Lani licked her ice cream again and looked at me. “Help me out here. I’m a bit confused.”

Help? She wanted help? She was going to need it if she didn’t stop licking that fucking ice cream the way she was.

“Really?” I drawled. “I couldn’t tell from the manwhore line of questioning.”

She laughed. Her shoes swung beside her from where she was gripping them tightly, and she shook her head to get the hair from her face. A few strands were stuck on her eyelashes, and I reached out, softly pulling them away.

“Thanks.” She smiled. “So this thing...the agreement you have with your family. What exactly is it?”

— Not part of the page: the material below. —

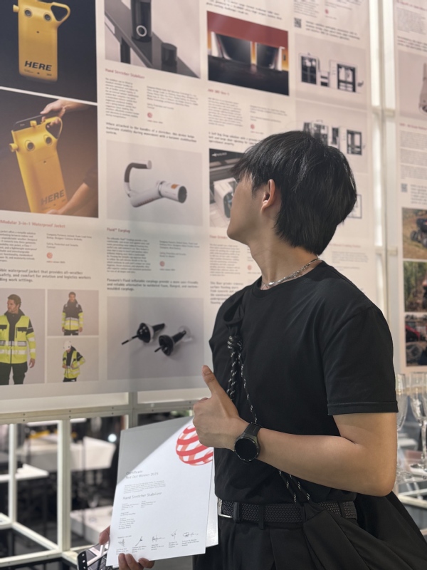 回顾大学成长经历,蔡畅感慨,“衷心感谢我的授业恩师。是他们以扎实的学识与深厚的阅历指引我,打下了坚实的专业基础。我能走上红点设计奖的领奖台,每一步都凝聚着老师们的心血。”大学期间,受学校以赛促学浓厚氛围的影响,蔡畅在学院老师的指导下积极参加各类竞赛。从2024年至今,凭借这一作品,他不仅获得了德国红点设计概念奖,还陆续斩获了欧洲产品设计奖的顶级设计奖、伦敦设计奖的金奖、韩国K-Design设计奖,以及米兰设计周中国高校设计学科师生优秀作品展全国一等奖、2024全国青年设计师大赛三等奖等15项国内外设计大奖。

I explained about the dinner we had while she munched down on her waffle cone. “Pops didn’t give me much of a choice. As shallow as it sounds, I’d be fucked if I was cut off. I’ve never done anything except work for my parents.”

“Let me get this straight,” she said and licked her fingers. “No partying. No womanizing. No bad anything.”

“That’s pretty much it.” I grimaced.

“Usually I’d say that all work and no play quote, but it sounds like you’ve been balanced on the play side for too long, so this might even it out.”

“I’m not all bad, you know.”

“Yeah? I don’t see you feeding homeless people.”

I laughed. “I do good stuff for people. I prefer to keep it to myself. That’s all.”

She held her hands out at her sides and stopped walking. “Brett, how am I supposed to help you if you’re apparently hiding good deeds?”

“I’m not hiding it.” I ran my hand through my hair. “I just don’t talk about it.”

“Why not?”

Do I have to have a reason? “Because I just don’t. It wouldn’t make a difference to how people view me, so there’s no point. I don’t do good stuff for myself. I do it because somebody needs to.”

Lani looked up at me. Her head was slightly tilted to the side, and there was a dark curiosity in her eyes. I could sense that she wanted to push me, but I looked at her firmly.

She sighed and rolled her eyes. “I bet it would make a difference. If you really...Never mind.”

“If I really what?”

“Nothing.” She smiled, but her heart wasn’t in this one.

“No.” I darted around her so she couldn’t walk any further.